:: Task prompt ::
Each line below is to be repeated exactly; any picture is to be left out.

:: Recorded information ::

· · ·

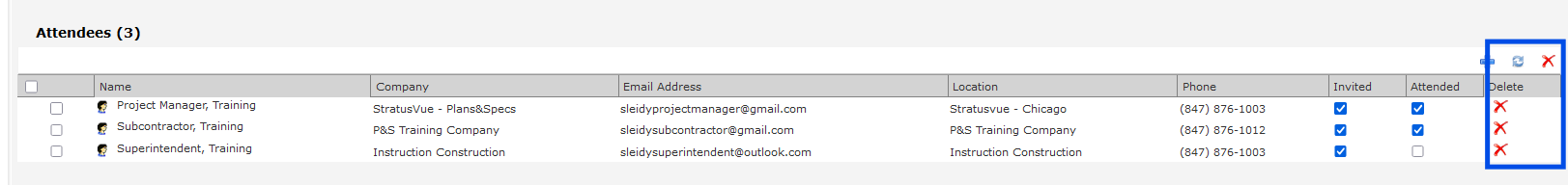 Important Note: Selecting Users from outside of the Project Member's list will add the selected user to the Project Members section of the project with their User Role permissions.4. Use the delete options to remove Invitees from the agenda
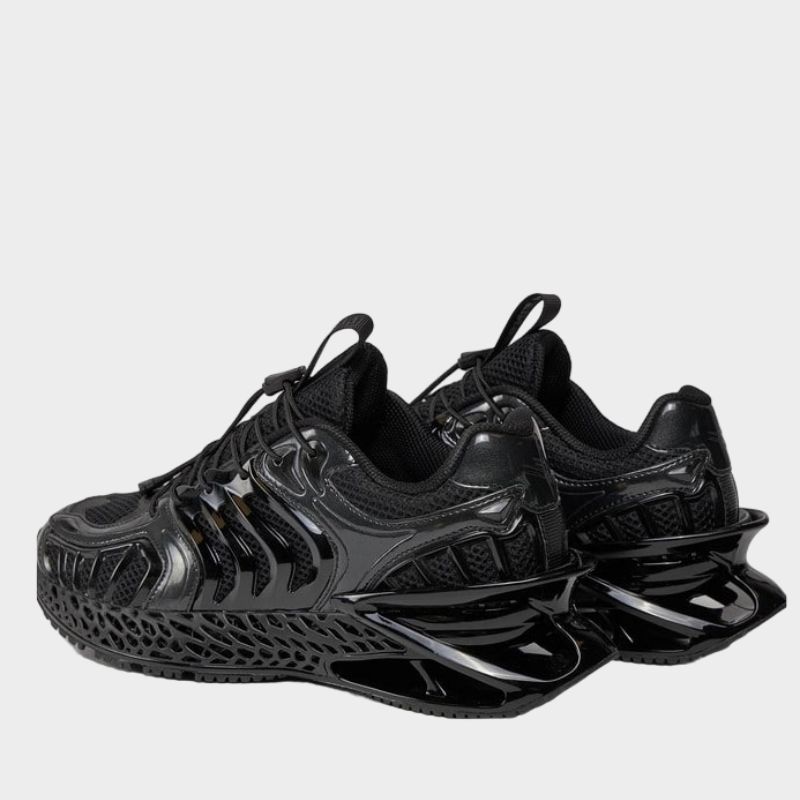 Τα sneakers The Thunder Stroke Gen.X.02. της συλλογής PLEIN SPORT, είναι σχεδιασμένα από υψηλής ποιότητας υφασμάτινα και συνθετικά υλικά, συνδυάζοντας κομψότητα με ανθεκτικότητα. Η αντιολισθητική σόλα από καουτσούκ προσφέρει μακροχρόνια αντοχή στη φθορά, ενώ το εσωτερικό τους είναι κατασκευασμένο για άνεση και υγιεινή. Η ενίσχυση στη φτέρνα σταθεροποιεί το πόδι, προσφέροντας ασφάλεια σε κάθε βήμα, ενώ τα κορδόνια επιτρέπουν τέλεια εφαρμογή. Ένα εξαιρετικό κομμάτι για καθημερινή χρήση με διακριτικές διακοσμητικές λεπτομέρειες που αναβαθμίζουν το στυλ σας.
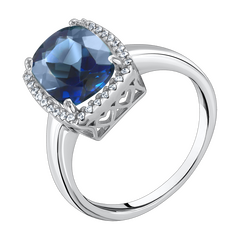 Damenring, Silber 925, mit London Blue Topas und Zirkonia, zentrales Schmuckelement ca. 10x8 mm

· · ·

:: Exercise result ::
 Important Note: Selecting Users from outside of the Project Member's list will add the selected user to the Project Members section of the project with their User Role permissions.4. Use the delete options to remove Invitees from the agenda
 Τα sneakers The Thunder Stroke Gen.X.02. της συλλογής PLEIN SPORT, είναι σχεδιασμένα από υψηλής ποιότητας υφασμάτινα και συνθετικά υλικά, συνδυάζοντας κομψότητα με ανθεκτικότητα. Η αντιολισθητική σόλα από καουτσούκ προσφέρει μακροχρόνια αντοχή στη φθορά, ενώ το εσωτερικό τους είναι κατασκευασμένο για άνεση και υγιεινή. Η ενίσχυση στη φτέρνα σταθεροποιεί το πόδι, προσφέροντας ασφάλεια σε κάθε βήμα, ενώ τα κορδόνια επιτρέπουν τέλεια εφαρμογή. Ένα εξαιρετικό κομμάτι για καθημερινή χρήση με διακριτικές διακοσμητικές λεπτομέρειες που αναβαθμίζουν το στυλ σας.
 Damenring, Silber 925, mit London Blue Topas und Zirkonia, zentrales Schmuckelement ca. 10x8 mm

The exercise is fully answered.